Below, we'll work with an open dataset [from Kaggle](https://www.kaggle.com/datasets/rezaghari/friends-series-dataset) on the popular sitcom ["Friends"](https://en.wikipedia.org/wiki/Friends) which aired from 1994 to 2004. Each row in this dataset describes data on a single episode (but note that some episodes, like season finales are listed more than once, because they consist of multiple parts that aired separately.)

- Load the dataset (which you can find as `friends.csv`in the same folder as this notebook) using `pandas`.
- Display the first 10 entries in the dataset.
- Print how many episodes are included and find out how many seasons are included.
- Consider the ratings (cf. `Stars` column):
    + Rank the rows in the dataset according to their ratings in decreasing order: which is the most popular episode?
    + Create a new series containing the mean rating per season.
    + Rank (in increasing order) the resulting series of means and plot them using a bar chart.
- Count how often each Director appears in the dataset and plot their cumulative frequency as a *horizontal* bar chart.
- Iterate over the `Summary` column: write these summaries of each Friends episode away to a new plain text file (`summaries.txt`) and write away each summary to a separate line.  Make sure to write to the file in a safe way. Make sure that the summaries do not contain any linebreaks anymore before writing them away.

In [None]:
# code here

## 2. Frequency distributions (5 points)

- Iterate over the summaries in `summaries.txt` in a line-by-line fashion and store them in a tuple. Make sure to read the file in a safe way.
- Use `collections.Counter` to iterate over the summaries and count out which of the lead characters (see dictionary below, which includes gender information) is most frequently mentioned in the summaries.
- Convert the resulting frequency distribution to a `pandas` object (use as column names `character` and `count`) and plot the result as a bar chart.
- Consider character interaction: consider all pairs of characters and count (in a data structure of your own choice) how many episodes these characters co-occur. Which two characters are most frequently mentioned together in the summaries?
- **Intermediate:** Consider the statistics that you collected in the previous question: try to write (preferably elegant) code to explicitly count how often the men interact with one another and how often the women interact with one another. Also calculate the mass of mixed-gender interactions.

In [None]:
leads = {'Joey': 'M', 'Rachel': 'F', 'Monica': 'F', 'Phoebe': 'F', 'Chandler': 'M', 'Ross': 'M'}

In [None]:
# code here

## 3. Functions and regular expressions (5 points)

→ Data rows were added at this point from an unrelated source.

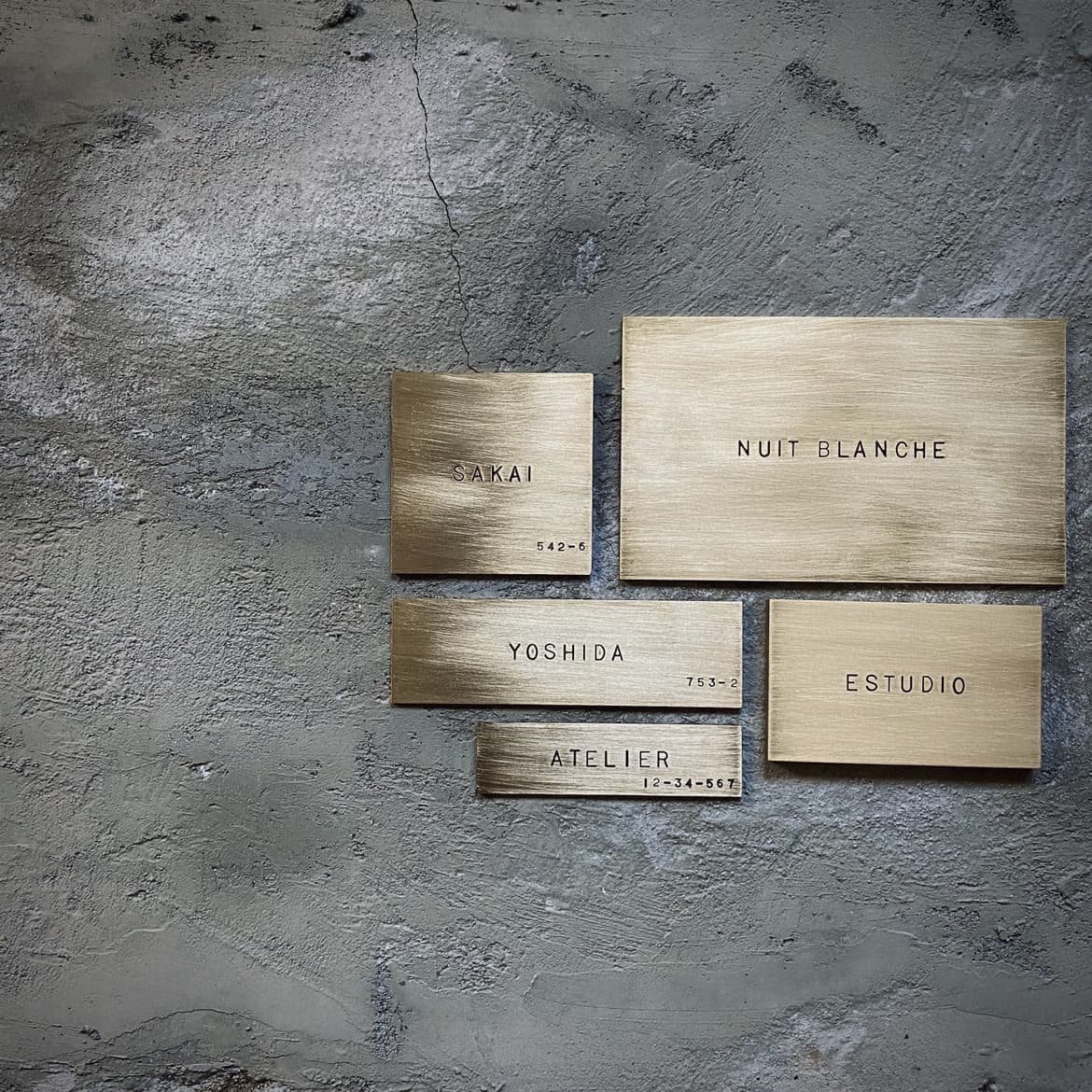 刻印を真鍮プレートに打ち込むシンプルな表札です。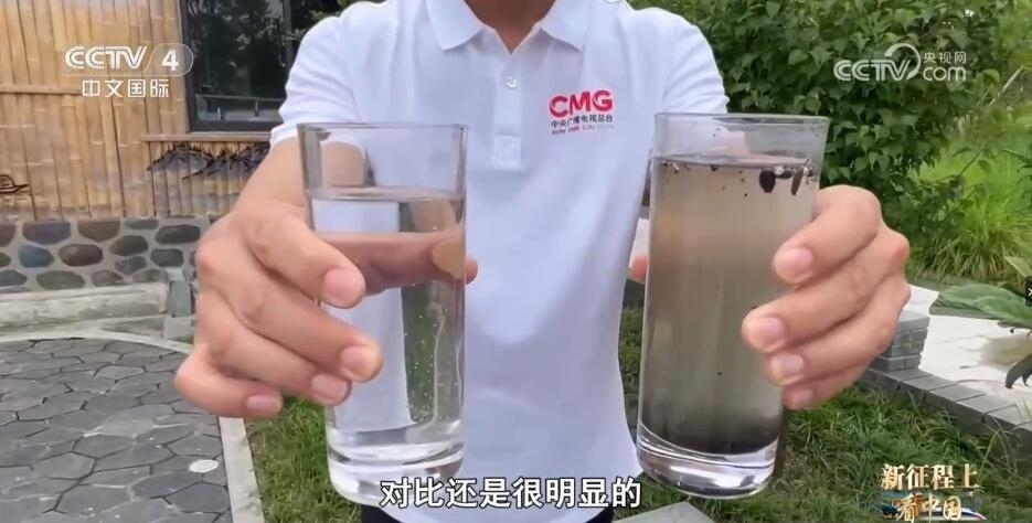 農(nóng)污管理技術員 韋星任:這邊有三個杯子。首先,這杯水是處理之前的,你可以對感受一下,這個是生活污水。第二個杯子里就是我們終端出水。
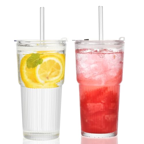 TOPPERFUN Verre à Boire Rayé Vertical Avec Couvercle Et Paille Tasse Verre Transparente Multifonction Pour Café Thé Lait Jus Réutilisable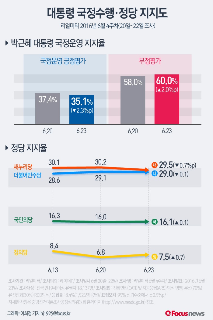 (서울=포커스뉴스) 여론조사 기관 리얼미터의 2016년 6월 4주차 주중동향에 따르면 박근혜 대통령의 국정수행 지지율은 지난주보다 하락한 반면 부정평가는 지난주보다 2.0%p 상승해 60.0%로 나타났다.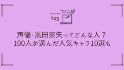 「呪術廻戦」の声優 【呪術廻戦 夜蛾正道役】声優・黒田崇矢の人気アニメキャラ10選!プロフィールや経歴まで徹底解説 声優・黒田崇矢さんの基本プロフィールや経歴、そして彼の魅力を徹底深堀り。さらに100人が選んだ「黒田崇矢が演じたキャラクター10選」もご紹介しています。 2025.10.04 「呪術廻戦」の声優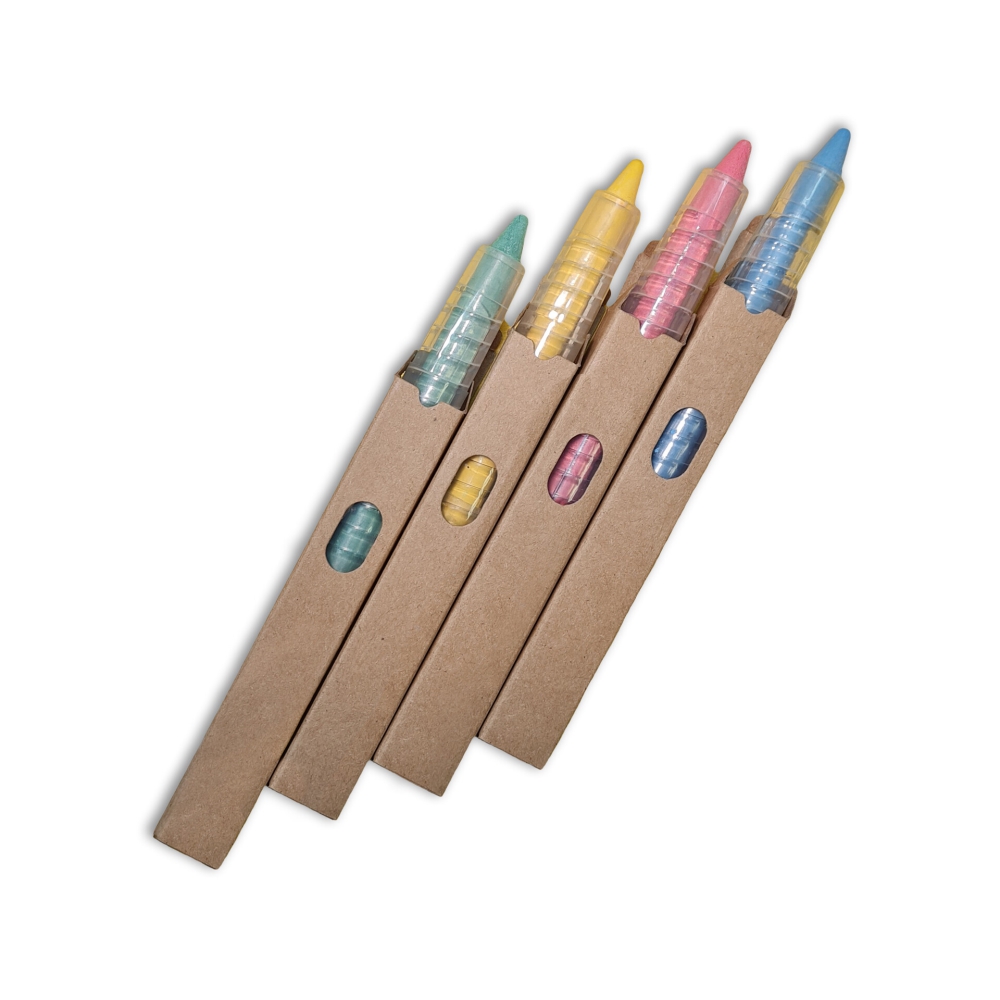 Набор мелков в футляре 4 цвета - голубой, зеленый, красный, желтый . Мел в футляре (ручка) удобно держать, пишет мягко и не царапает доску. Мел изготавливается на основе высококачественных пигментов.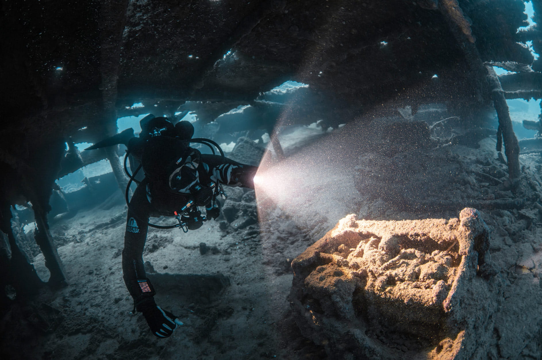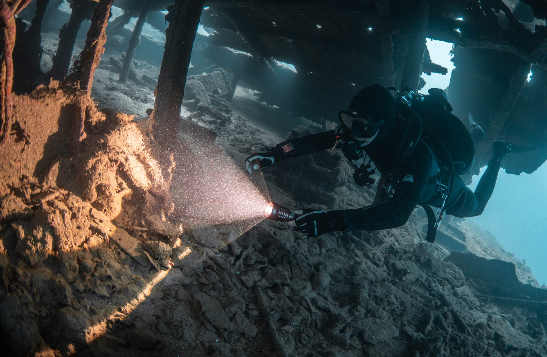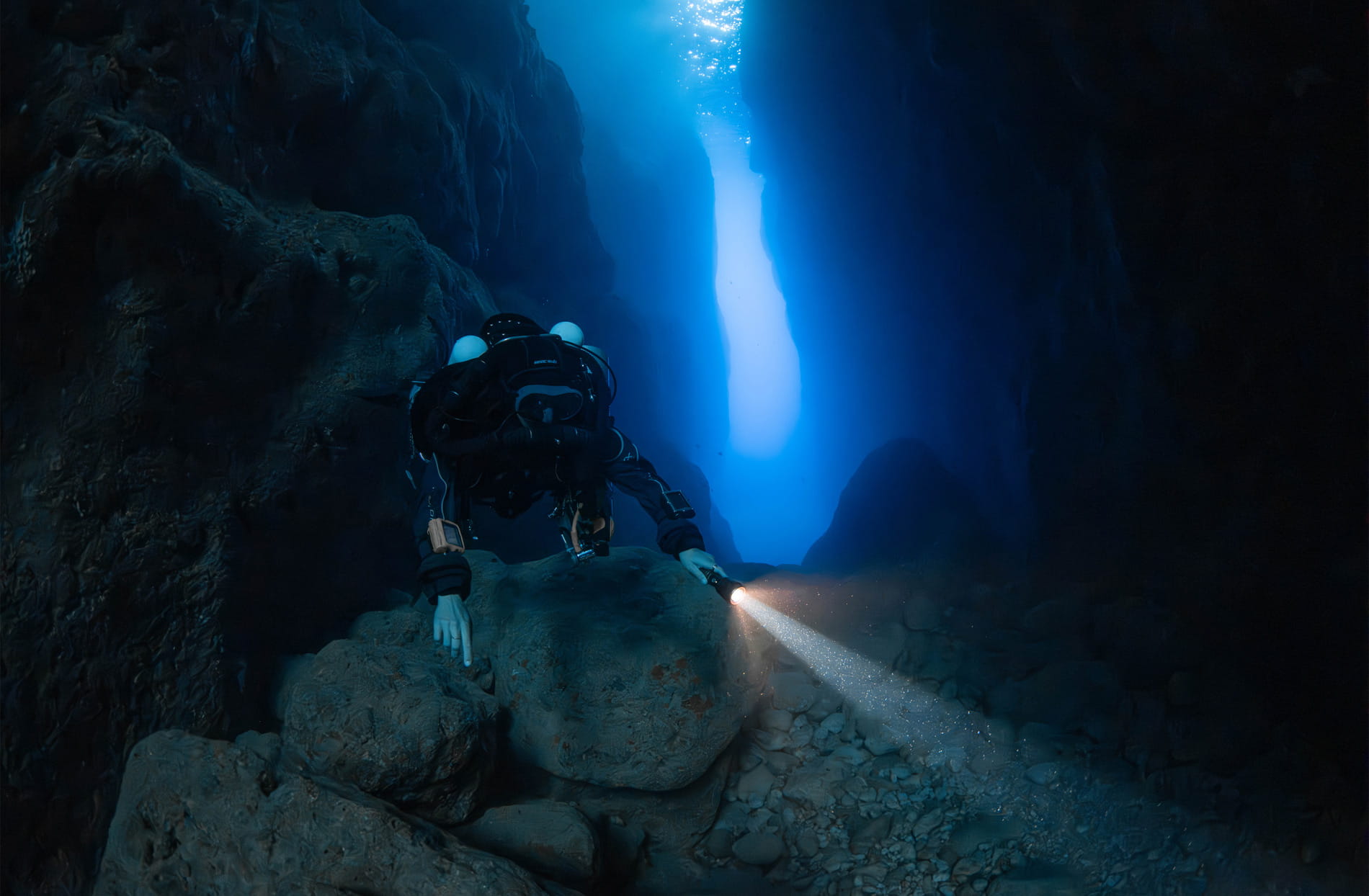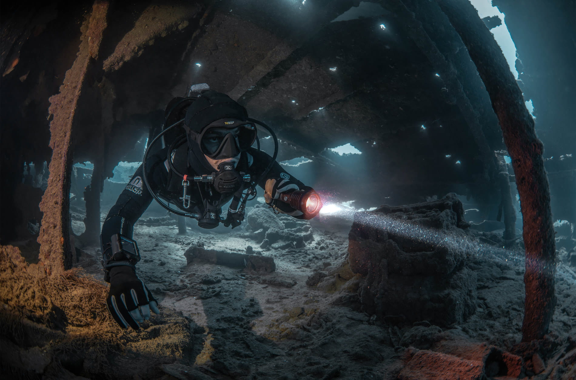 • eksploracja wraków, jaskiń i miejsc o słabej przejrzystości,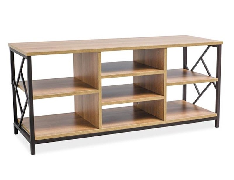 Szafka TV, MDF, kolor: dąb, stelaż: metal, kolor: ciemny brąz.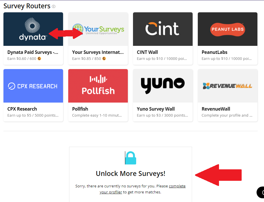 Nên làm khảo sát của DynataYoursurveysdanh sách khảo sát được hiển thị ở phần dưới cùng của trang (vào giờ cao điểm thường có)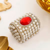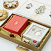 This Bhai Dooj, show him how much he means to you with this hamper. Packed in a marble design kappa box, this luxurious hamper includes kaju katli, a five-gram silver coin, Dibbi with roli-chawal in glass bottles with a silver polished container and moli. The hamper also includes the classic and mouthwatering Kaju Katli, which will leave you craving for more. The coin features an embossed image of Lord Ganesha along with a tree of life design. Giving a silver coin is considered auspicious as it brings luck, happiness, and peace to the receiver.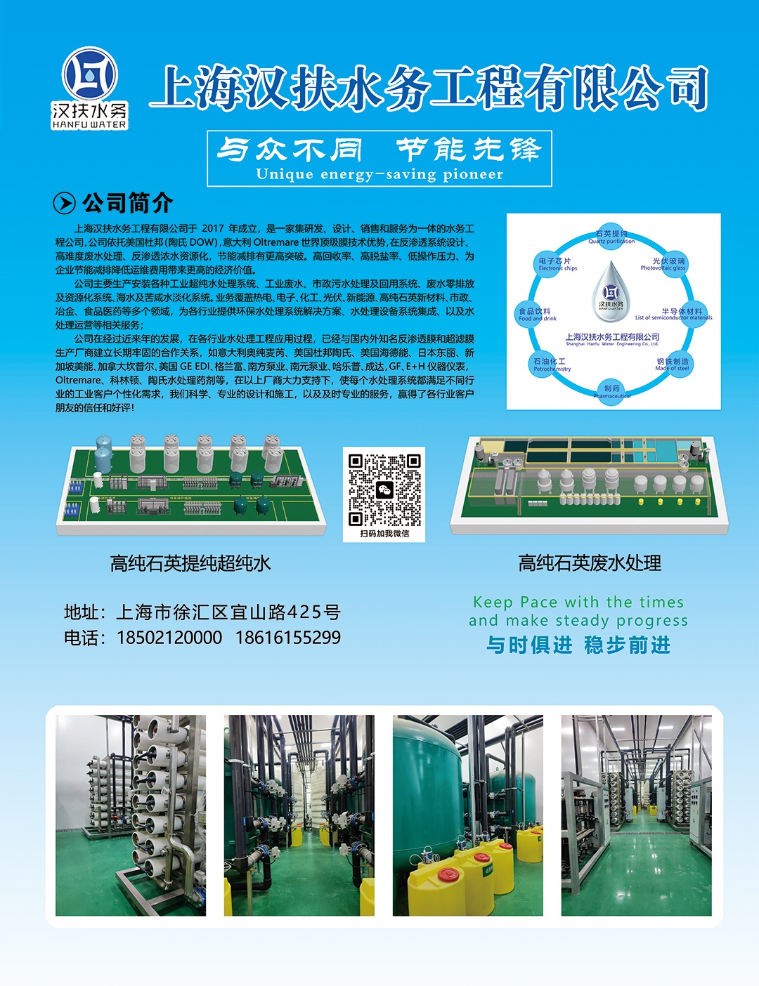 上海汉扶水务工程有限公司成立?017年,主要经营水利水电建设工程,工业纯水废水水理工程,水处理设备安装,空气净化系统安装,水处理领域内技术研发技术服务,高难度废水处理中水回用,水处理系统托管运维,反海透浓盐水资源化节能减公司依托意大利奥纯赛芮公司美国杜邦陶氏膜技术优势,在反渗透系统设计,高难度废水缩,反渗透浓盐水资源化节能感排有更高的突破在系统设计中充分发挥技术优势,高回收率,脱盐率,低运行压力,在浓盐水回收中可以达到80%回收率,系统运行稳定,节能减排明显,经效益高,公司八字方针好用、耐用、节能、减排头企业节能减排降低运维费用提高水利用率做出献,汉扶水务只做优质水务工程上海汉扶水务与国内知名环保企业环球水务工程集团有限公司合作,业务拓展辐射面有全国各地,技术服务快捷高效,环球水务工程集团,是中国制造环保水处理最早的专业厂家之一,集设计、生产制造、工程总承包大型环境工程集团公司,公司拥有环保工程设计乙级资质,建筑安装工程壹级,机电安装工程壹级资质,国家亮新技术企业,中国环保百强企业、/span>

- Define a function that can sentence-tokenize an arbitrary string (an input parameter that you can call `text`) and returns the resulting sentences as a tuple. For this purpose, you should work with a regular expression that matches any series of the punctuation marks '.', '!', and '?' immediately followed by at least one instance of whitespace.
- Add a boolean parameter `lowercase` to the function's signature which defaults to False and which will lowercase the resulting sentences when set to `True` and add the desired behaviour to the string.
- The function should raise a `ValueError` if one of the two parameters (`text` and `lowercase`) does not have the expected type. Add an informative error message.
- Use this naive sentence tokenizer to count how many sentences the summaries contain in total. (Assert that you have a higher sentence count than summary count, because summaries contain multiple sentences.)
- **Advanced:** At the start of a sentence, all words are normally capitalized. In the summaries, we should be able to naively detect the names of other, non-lead characters, because their names will be capitalized, also when they occur in the middle of a sentence. Exploit this regularity and attempt to automatically detect the names of other characters. Count their occurences in the summaries to find out the most frequently occuring *side* characters (i.e. while ignoring lead character). *Hint: the most frequently mentioned side character appears to be "Emily"*.
    + Remove genitival endings (e.g. `Paolo's`)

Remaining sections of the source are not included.